WHAT THE TASK REQUIRES = Exactly as they appear, transcribe the entries and skip any pictures.

------------------------------------------------

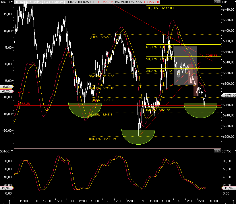 Soll mir Recht sein, heute hat es mir allerdings kein Glück gebracht. 2 mal antizyklisch auf dem falschen Fuss erwischt worden, und da ich meine Positionen grundsätzlich schliesse, habe ich die Verluste erst einmal realisiert. Mein VW-short läuft dagegen sehr zufriedenstellend, heute waren wir schon kurz unter 175 und der Schein läuft mir auch nicht mehr ins Minus; Einstieg erfolgte nach dem erfolglosen Backtest der 38T-Linie bei ca. 182 €. Ich sag schon mal schönes WE; Biergartenwetter ist in Berlin allerdings weniger, es ist trübe und regnerisch, dafür war gestern eine Backofenhitze.
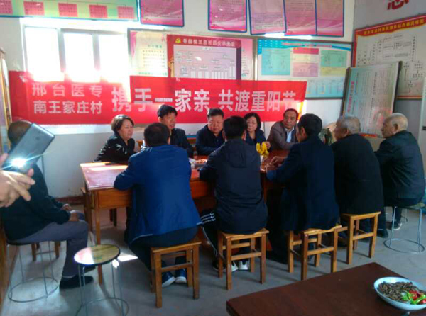 郑校长和村干部、村民代表、驻村工作队员进行了座谈交流。在听完学校驻村工作队队长魏双平工作情况汇报后,郑校长表示,脱贫攻坚是一项重大的政治任务,学校党委高度重视,努力做好各项帮扶和服务工作;驻村扶贫工作队要提高站位,突出精准,对照指标,综合发力,充分发挥和利用好学校优势,紧密结合南王家庄村实际,抓实产业扶贫,以特色的产业项目加快脱贫攻坚,带领老百姓逐步过上好日子。郑校长在与老人的交谈中说:老人是社会的宝贵财富,是构建和谐社会的重要力量,全村老人为国家、集体和家庭奋斗了一辈子、奉献了一辈子、劳苦了一辈子,经济社会的发展,凝聚着老同志的汗水和辛劳。关心关注老年人,也是学校帮扶工作内容之一,学校会尽己所能提供支持和帮助,为老年人拥有一个幸福、快乐、祥和的晚年生活出一份力。郑校长祝福所有老年人节日愉快,生活幸福,健康长寿,笑口常开!参加座谈的老人们很是感动,对学校的关心和照顾表示感谢。
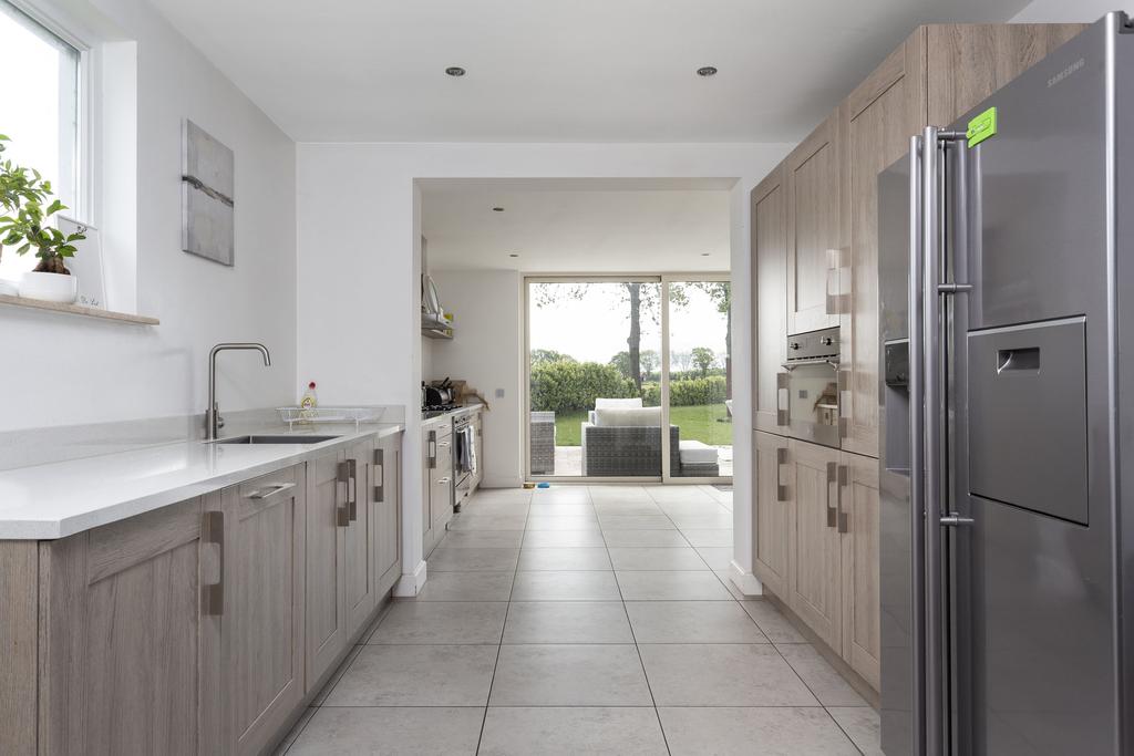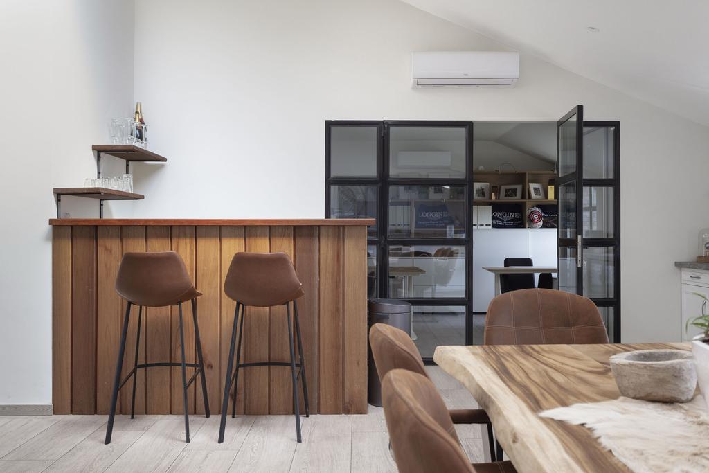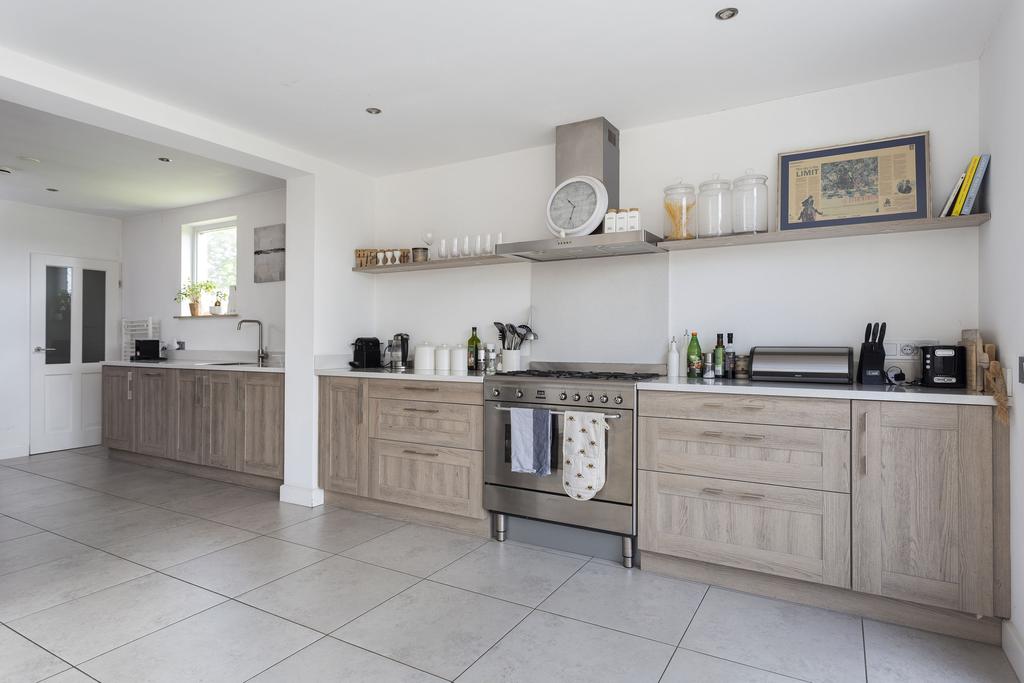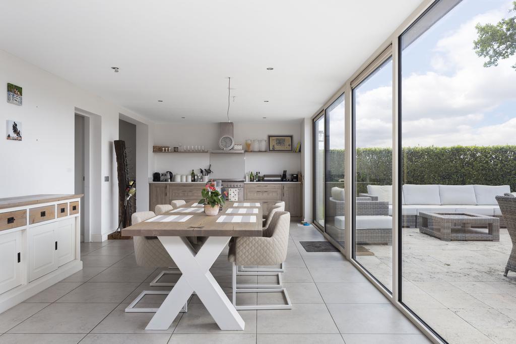 The kitchen enjoys plenty of light through the large windows and sliding doors across the entire rear façade. A wicket door provides direct access to the garden.
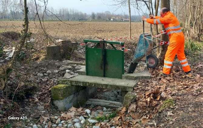 Gli interventi si svolgono con la pulizia degli alvei delle principali rogge irrigue e con eliminazione dei sedimenti mediante l’impiego di minipale meccaniche tipo “Bobcat”, oltre all’impiego della manovalanza dedicata a pulire i muri prevalentemente in calcestruzzo.
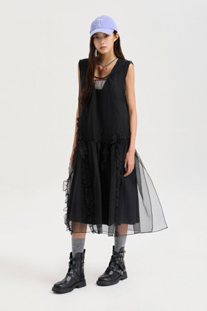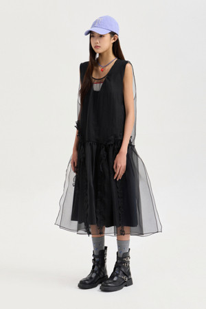 Sleeveless Layering Frill Dress (black)
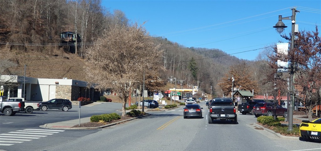 De volgende dag een mooie rit door een heuvelachtig landschap. Vlak voor de Smokey Mountains rijden we een toeristisch, beetje wintersport achtig, gebied binnen.
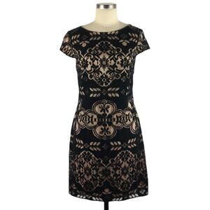 ELIZA J Dress Black Tan Velvet Burnout Lace Cutout Mini Dress Size 6 Date Night

------------------------------------------------

RESPONSE TO THE EXERCISE =
 Soll mir Recht sein, heute hat es mir allerdings kein Glück gebracht. 2 mal antizyklisch auf dem falschen Fuss erwischt worden, und da ich meine Positionen grundsätzlich schliesse, habe ich die Verluste erst einmal realisiert. Mein VW-short läuft dagegen sehr zufriedenstellend, heute waren wir schon kurz unter 175 und der Schein läuft mir auch nicht mehr ins Minus; Einstieg erfolgte nach dem erfolglosen Backtest der 38T-Linie bei ca. 182 €. Ich sag schon mal schönes WE; Biergartenwetter ist in Berlin allerdings weniger, es ist trübe und regnerisch, dafür war gestern eine Backofenhitze.
 郑校长和村干部、村民代表、驻村工作队员进行了座谈交流。在听完学校驻村工作队队长魏双平工作情况汇报后,郑校长表示,脱贫攻坚是一项重大的政治任务,学校党委高度重视,努力做好各项帮扶和服务工作;驻村扶贫工作队要提高站位,突出精准,对照指标,综合发力,充分发挥和利用好学校优势,紧密结合南王家庄村实际,抓实产业扶贫,以特色的产业项目加快脱贫攻坚,带领老百姓逐步过上好日子。郑校长在与老人的交谈中说:老人是社会的宝贵财富,是构建和谐社会的重要力量,全村老人为国家、集体和家庭奋斗了一辈子、奉献了一辈子、劳苦了一辈子,经济社会的发展,凝聚着老同志的汗水和辛劳。关心关注老年人,也是学校帮扶工作内容之一,学校会尽己所能提供支持和帮助,为老年人拥有一个幸福、快乐、祥和的晚年生活出一份力。郑校长祝福所有老年人节日愉快,生活幸福,健康长寿,笑口常开!参加座谈的老人们很是感动,对学校的关心和照顾表示感谢。
 The kitchen enjoys plenty of light through the large windows and sliding doors across the entire rear façade. A wicket door provides direct access to the garden.
 Gli interventi si svolgono con la pulizia degli alvei delle principali rogge irrigue e con eliminazione dei sedimenti mediante l’impiego di minipale meccaniche tipo “Bobcat”, oltre all’impiego della manovalanza dedicata a pulire i muri prevalentemente in calcestruzzo.
 Sleeveless Layering Frill Dress (black)
 De volgende dag een mooie rit door een heuvelachtig landschap. Vlak voor de Smokey Mountains rijden we een toeristisch, beetje wintersport achtig, gebied binnen.
 ELIZA J Dress Black Tan Velvet Burnout Lace Cutout Mini Dress Size 6 Date Night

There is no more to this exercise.